Aim of the exercise.
Leaving the pictures aside, write out the whole listing below exactly.

Exercise data.
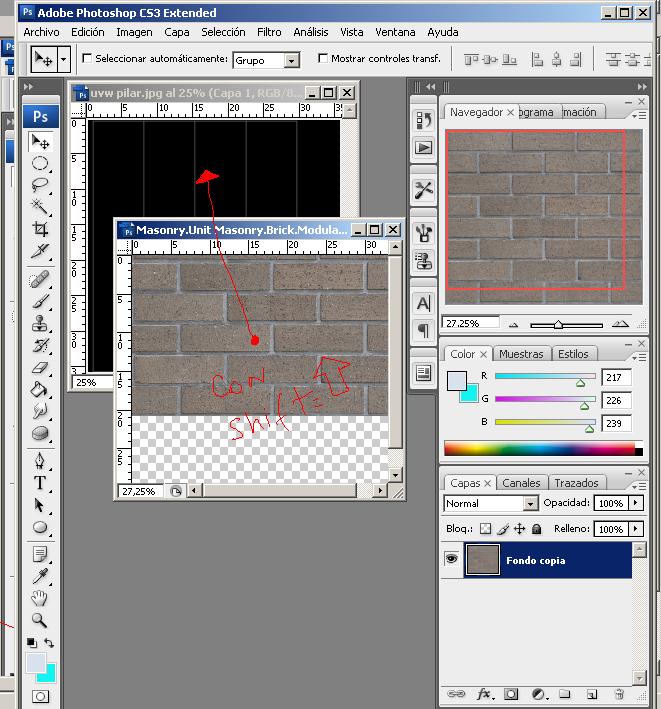 17.- Con shift presionado arrastrar imagen brik a imagen UVW, quedará ajustado a su tamaño de documento, cerrar imagen brick, ya que ha sido copiada, no guardar cambios.
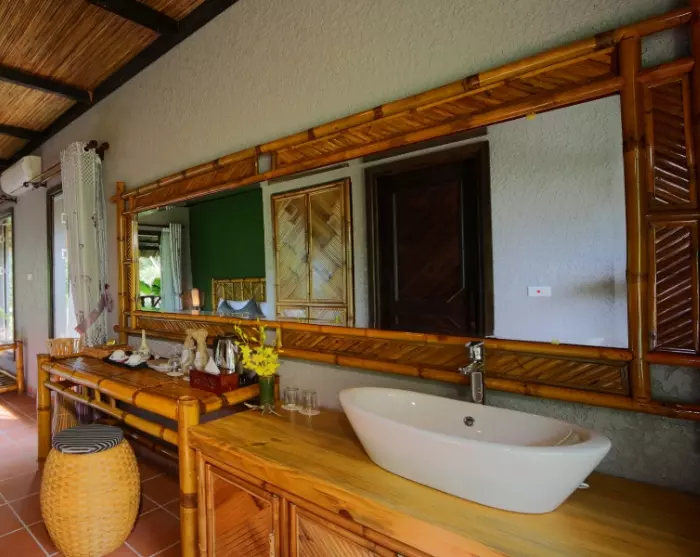 Ympäristöstä huolehtiminen näkyy päivittäisessä toiminnassa. Mai Chau Ecolodge käyttää uusiutuvia energialähteitä, kuten aurinkoenergiaa ja riisinkuoribiomassaa, ja panostaa resurssien harkittuun käyttöön arjessa. Muovin käyttöä on vähennetty merkittävästi esimerkiksi paperipillien, keraamisten säilytysastioiden ja uudelleentäytettävien lasipullojen avulla. Kaikki jätevedet käsitellään vastuullisesti: vesi puhdistetaan ennen kuin se johdetaan takaisin luontoon, jotta ympäristö ei kärsi.
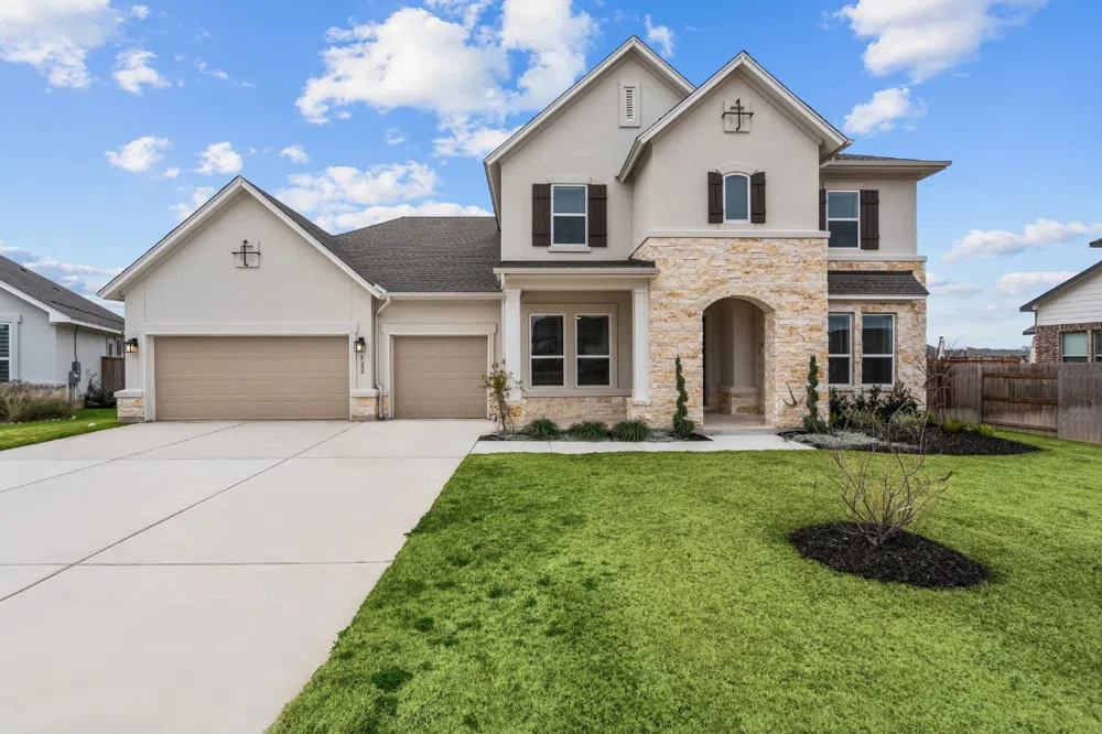 This lovely new home in Colony Riverside offers beauty and functionality, all in a wonderfully spacious home! This two-story Coltman by David Weekley Homes sites on an 80' home site near the pool and gym amenities. The home blends a classic stucco and stone exterior with a contemporary open-concept interior design with 10-foot ceilings throughout. Gourmet kitchen has two pantries for all your grocery stocking needs. Guests have their own downstairs suite with easy access to other living spaces. French doors lend quiet to the home office-ready study situated near the front of this home. Wake every morning to sunshine and trees all visible from your spacious Owner's Retreat and refresh after a long day in the oversized corner tub in the en-suite bathroom. The deluxe covered rear porch presents a wonderful extension to your living spaces. Our EnergySaver™ Homes offer peace of mind knowing your new home in Austin is minimizing your environmental footprint while saving energy. A David Weekley EnergySaver home in Austin averages a 60 on the HERS Index. Square Footage is an estimate only; actual construction may vary.

Exercise solution.
 17.- Con shift presionado arrastrar imagen brik a imagen UVW, quedará ajustado a su tamaño de documento, cerrar imagen brick, ya que ha sido copiada, no guardar cambios.
 Ympäristöstä huolehtiminen näkyy päivittäisessä toiminnassa. Mai Chau Ecolodge käyttää uusiutuvia energialähteitä, kuten aurinkoenergiaa ja riisinkuoribiomassaa, ja panostaa resurssien harkittuun käyttöön arjessa. Muovin käyttöä on vähennetty merkittävästi esimerkiksi paperipillien, keraamisten säilytysastioiden ja uudelleentäytettävien lasipullojen avulla. Kaikki jätevedet käsitellään vastuullisesti: vesi puhdistetaan ennen kuin se johdetaan takaisin luontoon, jotta ympäristö ei kärsi.
 This lovely new home in Colony Riverside offers beauty and functionality, all in a wonderfully spacious home! This two-story Coltman by David Weekley Homes sites on an 80' home site near the pool and gym amenities. The home blends a classic stucco and stone exterior with a contemporary open-concept interior design with 10-foot ceilings throughout. Gourmet kitchen has two pantries for all your grocery stocking needs. Guests have their own downstairs suite with easy access to other living spaces. French doors lend quiet to the home office-ready study situated near the front of this home. Wake every morning to sunshine and trees all visible from your spacious Owner's Retreat and refresh after a long day in the oversized corner tub in the en-suite bathroom. The deluxe covered rear porch presents a wonderful extension to your living spaces. Our EnergySaver™ Homes offer peace of mind knowing your new home in Austin is minimizing your environmental footprint while saving energy. A David Weekley EnergySaver home in Austin averages a 60 on the HERS Index. Square Footage is an estimate only; actual construction may vary.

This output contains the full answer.